Entidades denunciam funcionários de aeroporto por racismo religioso
Entidades religiosas divulgaram um vídeo nesta terça (10) em que denunciam funcionários do Aeroporto Internacional de Fortaleza Pinto Martins por racismo religioso contra a servidora pública aposentada Lindinalva Barbosa, 61. Empresa que administra aeroporto nega.
O que aconteceu
Em um vídeo publicado por entidades de defesa dos direitos das religiões de matriz africana, Lindinalva, que é ativista do movimento negro e egbomi (reverência dada às pessoas com mais tempo de iniciação religiosa e obrigações realizadas) no Terreiro do Cobre, em Salvador (BA), aparece sendo questionada e barrada por funcionários do aeroporto de embarcar no avião de retorno à Salvador.

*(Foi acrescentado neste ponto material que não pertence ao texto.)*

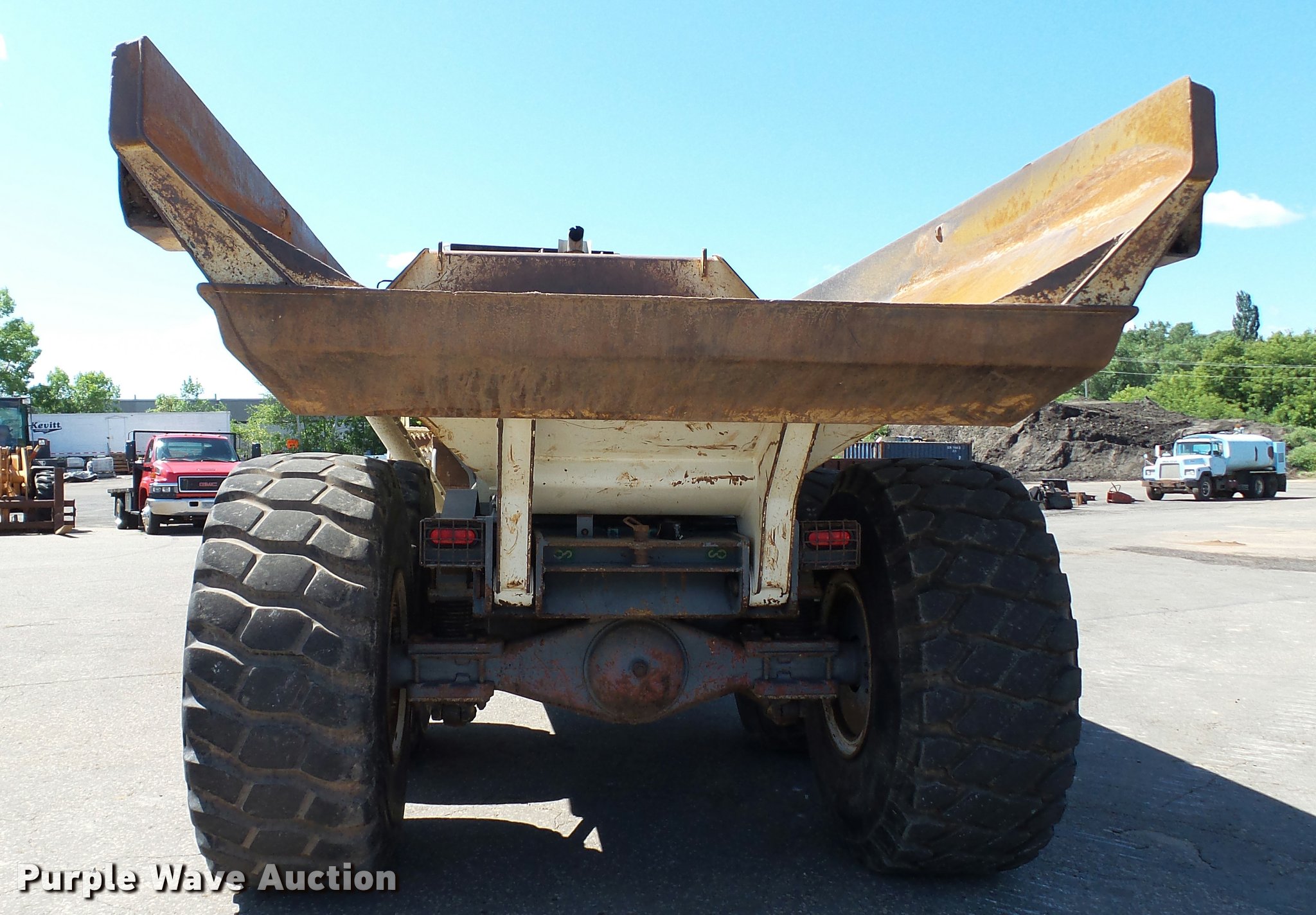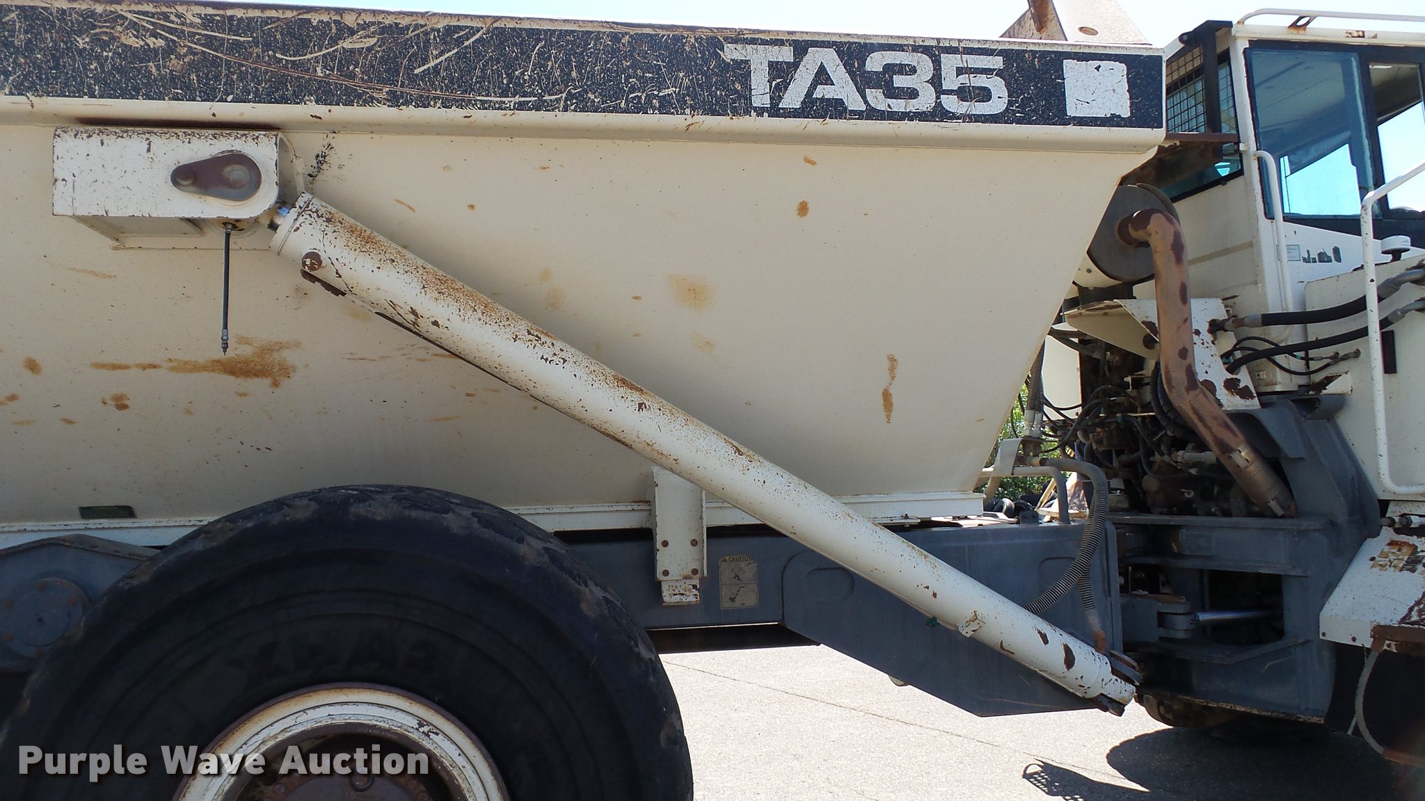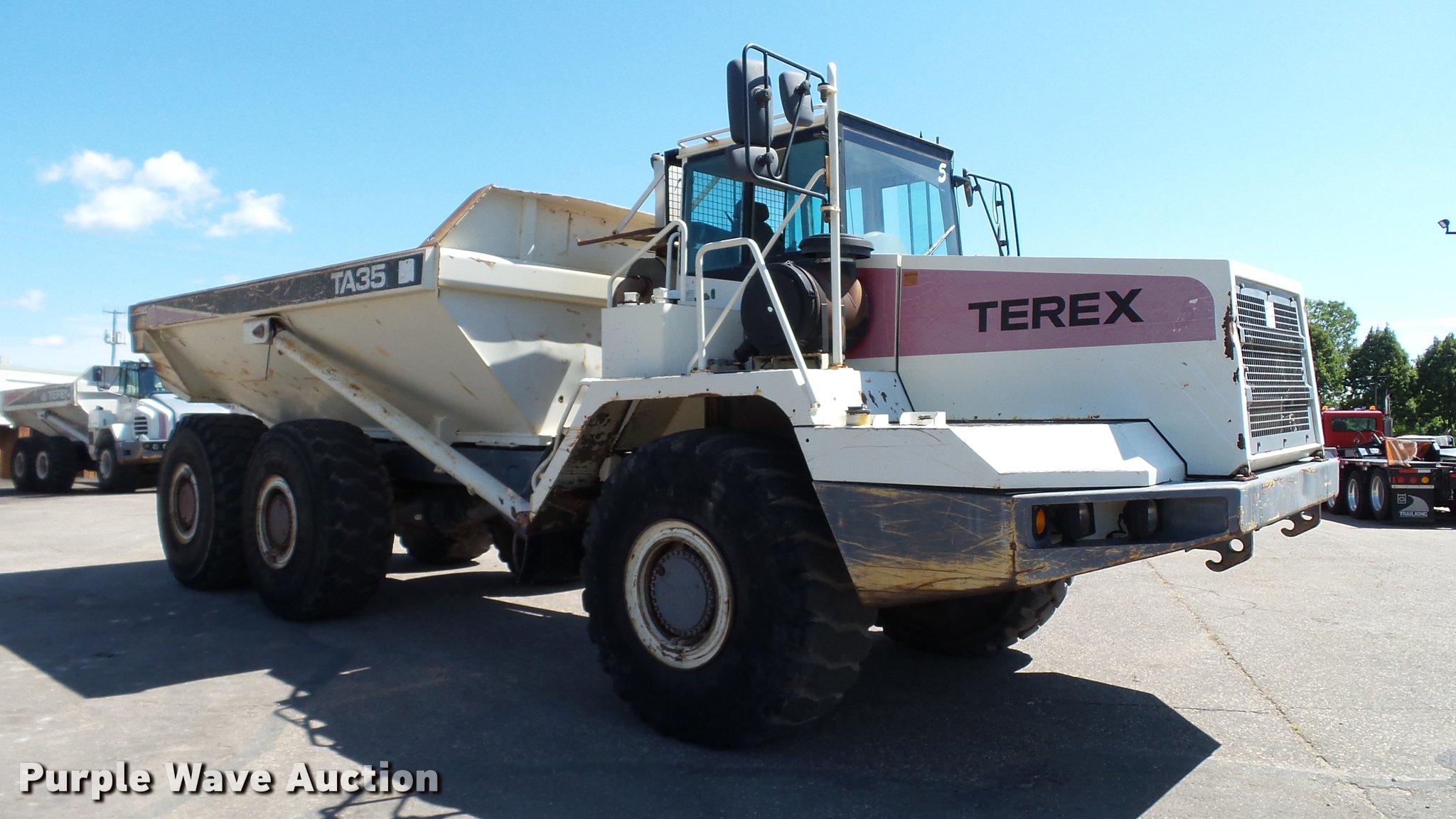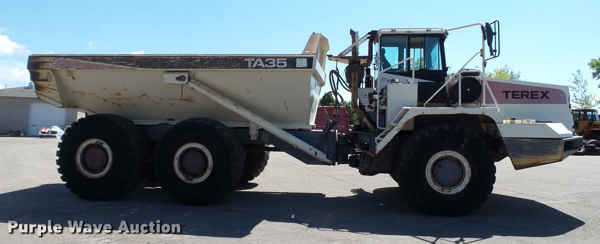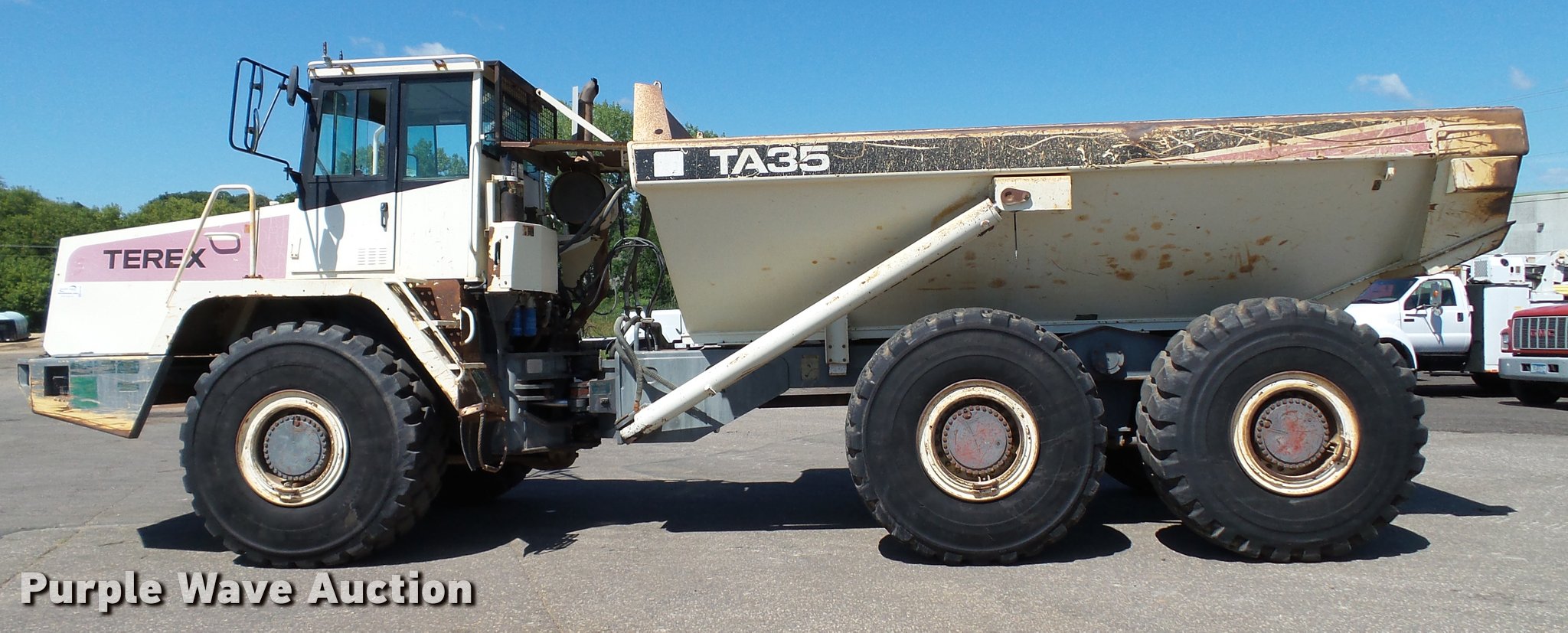 Purple Wave is selling a used Off Road Haul Truck in Minnesota. This item is a 2001 Terex TA35 haul truck with the following: 5,021 hours on meter, Detroit Diesel Series 60 11.1L six cylinder diesel engine, 350 HP, Serial 06R0648589, Automatic transmission, 6F-3R, Inter-axle differential lock, Tandem axle, AC and heat, Tilt, Suspension seat, Instructor seat, Backup alarm, Steel barrel bed, 18.5'L x 11'W, Dual ram hoist, Heated box, Work lights, Front tow hooks, Block heater, Single fuel tank, Walking beam suspension, Hydraulic brakes, 26.5R25 tires, 70,548 lbs maximum payload, Serial A7761355

Segundo a religiosa e pessoas que acompanharam a abordagem no local, tudo se deu porque, minutos antes, ela se negou a retirar o turbante que usava após passar pelo sistema de raio-x do aeroporto, que não detectou nada de anormal.
Ao ser requisitado que retirasse o turbante após o raio-x, a religiosa conta que explicou aos funcionários do local que não retiraria o torso (turbante) porque este integra sua indumentária religiosa e expressa seu vínculo cultural às heranças afro-brasileiras.

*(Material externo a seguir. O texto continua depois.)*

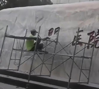 图1:大午医院门前巨石上的“病人进门,医院全责”标语正在被抹除
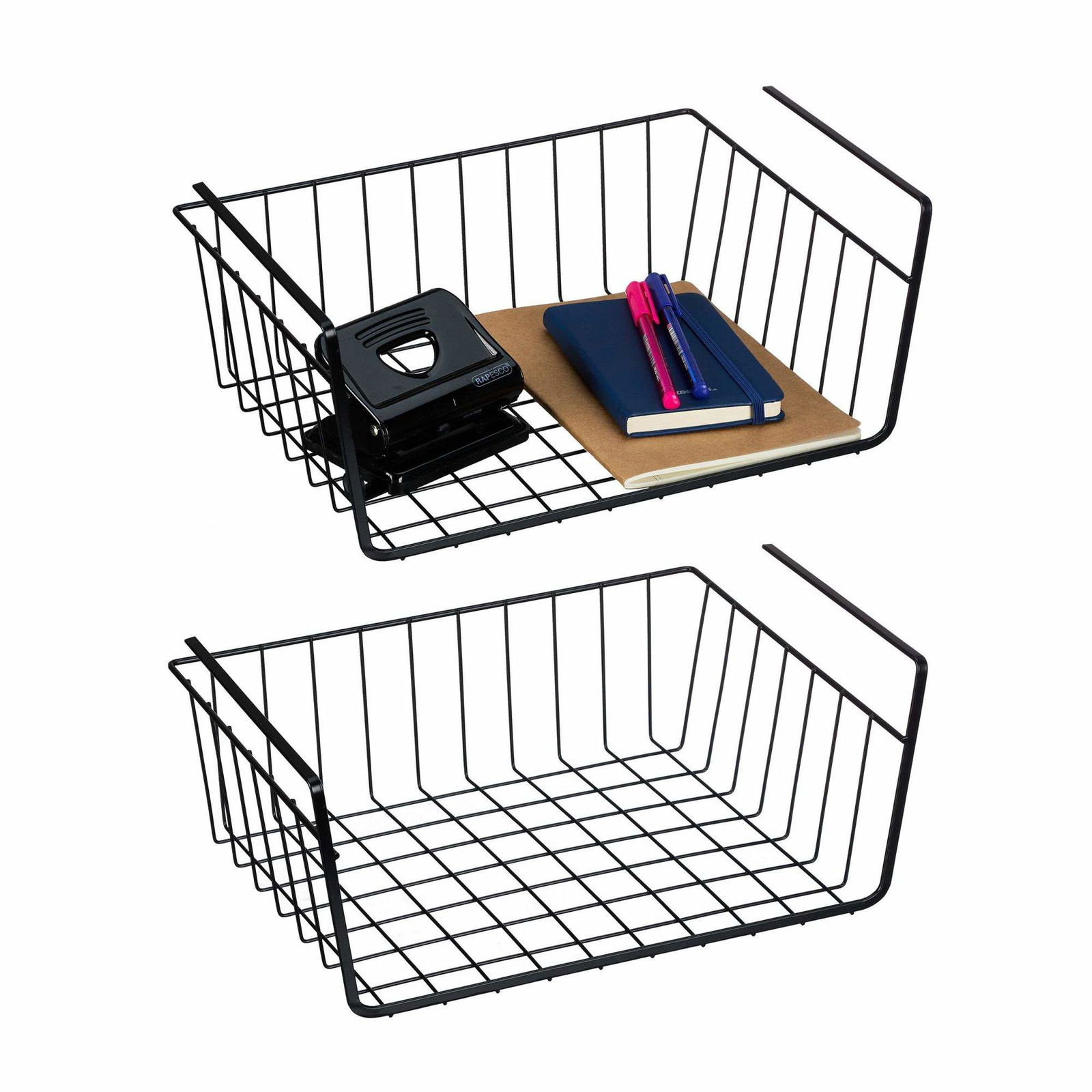 Lonian stapelbar hängande korg, 2-Pack under hyllan hängande metalltråd förvaringskorg för kök, kontor, skafferi, badrum, skåp
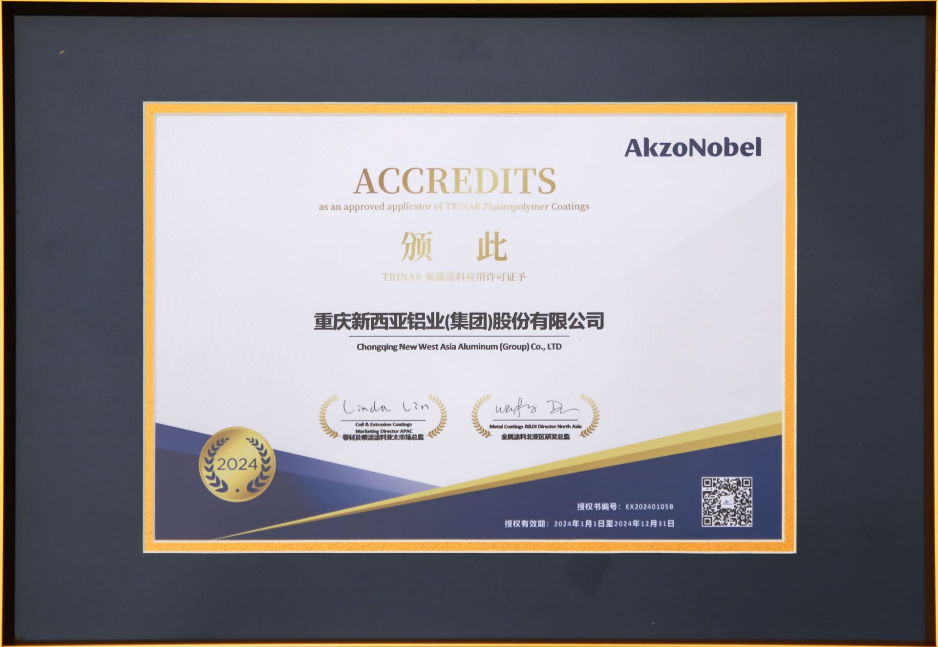 阿克蘇諾貝爾TRINAR氟碳涂料應(yīng)用許可證
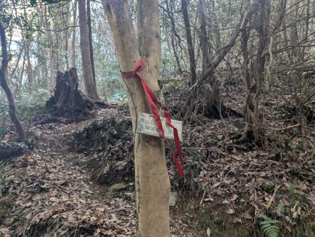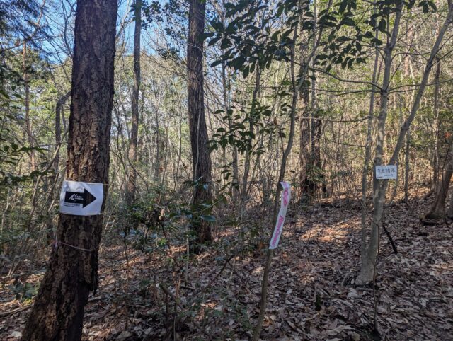 どんぐり山への分岐にきました。トレイルランの大会があるようで矢印や大き目のリボンが所々にあります。
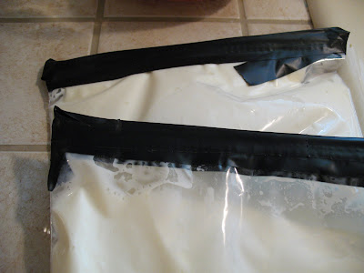 - 1. In a large bowl, combine sugar, milk, whipping cream, and vanilla. Have one of your larger little helpers hold open one quart-sized bag and pour half of the mixture into the bag and zip shut, squeezing out all the air. Use duct tape to tape the opening shut (we actually, in a pinch, used electrical tape and it was fine!). Repeat with second bag.
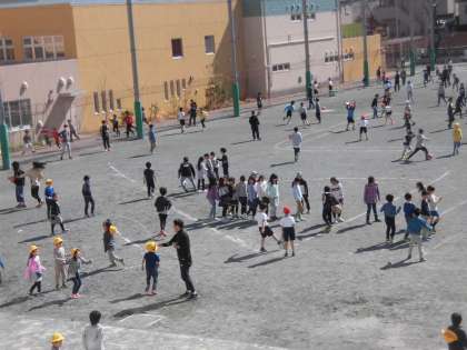 8日(金)の昼休み、校庭では子どもたちが元気に遊ぶ姿がありました。7日に雨がふったので「待ってました!」とばかりに勢いよく校庭に出て行きました。中学生の昼休み時間とも少し重なり、小学生と中学生が同じ校庭でそれぞれに楽しむ姿がすてきでした。

"Eu disse que não tiraria, pois tinha direito de usar minhas indumentárias", conta Lindinalva, que disse que já teria feito a viagem de ida, utilizando o torso sem nenhum constrangimento.

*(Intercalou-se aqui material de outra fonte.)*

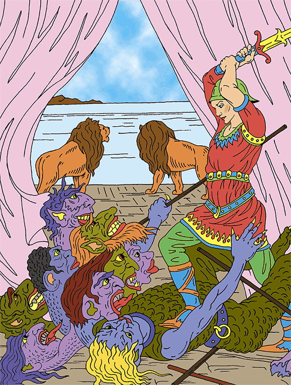 – Ты не ошибся! – воскликнул Гуливар и стал рубить головы троллю. Труднее всего оказалось справиться с последней, девятой головой, но Гуливар все же оказался сильнее.
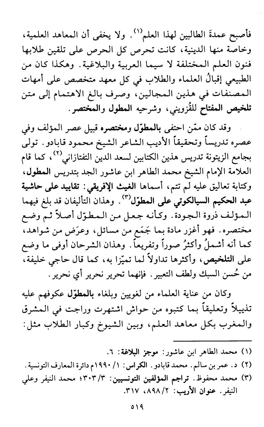 فأصبح عمدةَ الطالبين لهذا العلم (¬1). ولا يخفى أن المعاهد العلمية، وخاصة منها الدينية، كانت تحرص كل الحرص على تلقين طلابها فنون العلم المختلفة لا سيما العربية والبلاغية. وهكذا كان من الطبيعي إقبالُ العلماء والطلاب في كل معهد متخصص على أمهات المصنفات في هذين المجالين، وصرف بالغ الاهتمام إلى متن تلخيص المفتاح للقُزويني، وشرحيه المطول والمختصر.
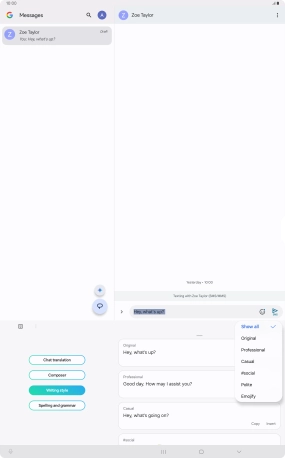 Using AI, you can change the style of writing in your messages. The function works with all of Samsung's own apps as well as message and social media apps.
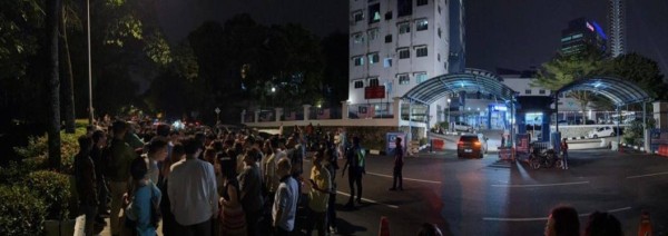 어젯밤 10명 이상의 체포자 가족들이 말레이시아 쿠알라룸푸르 십오비 경찰서 본부 밖에서 대기했습니다.

Para passar no raio-x, ela chegou a retirar sua conta religiosa, a pedido dos funcionários, e depositá-las na bandeja por conter objetos de metal e sementes.
Ao negar retirar o turbante, Lindinalva conta que outra funcionária utilizou um aparelho de sensor pelo seu corpo e cabeça, não sendo nada detectado novamente. Com isso, Lindinalva seguiu em direção ao portão de embarque, sendo novamente barrada antes do embarque, como mostra o vídeo publicado pelas entidades, gravado por uma pessoa que acompanhou a abordagem.
Aeroporto afirma que agentes seguiram as normas de segurança
A coluna procurou a Fraport Brasil, empresa que administra o aeroporto de Fortaleza. A empresa foi questionada se o procedimento dos funcionários em insistir para a retirada do turbante, mesmo após a passagem pelo raio-x não detectar nenhum problema, está correto. Também foi questionada se há alguma orientação ou formação para os funcionários na abordagem a pessoas que utilizam indumentárias religiosas durante as viagens.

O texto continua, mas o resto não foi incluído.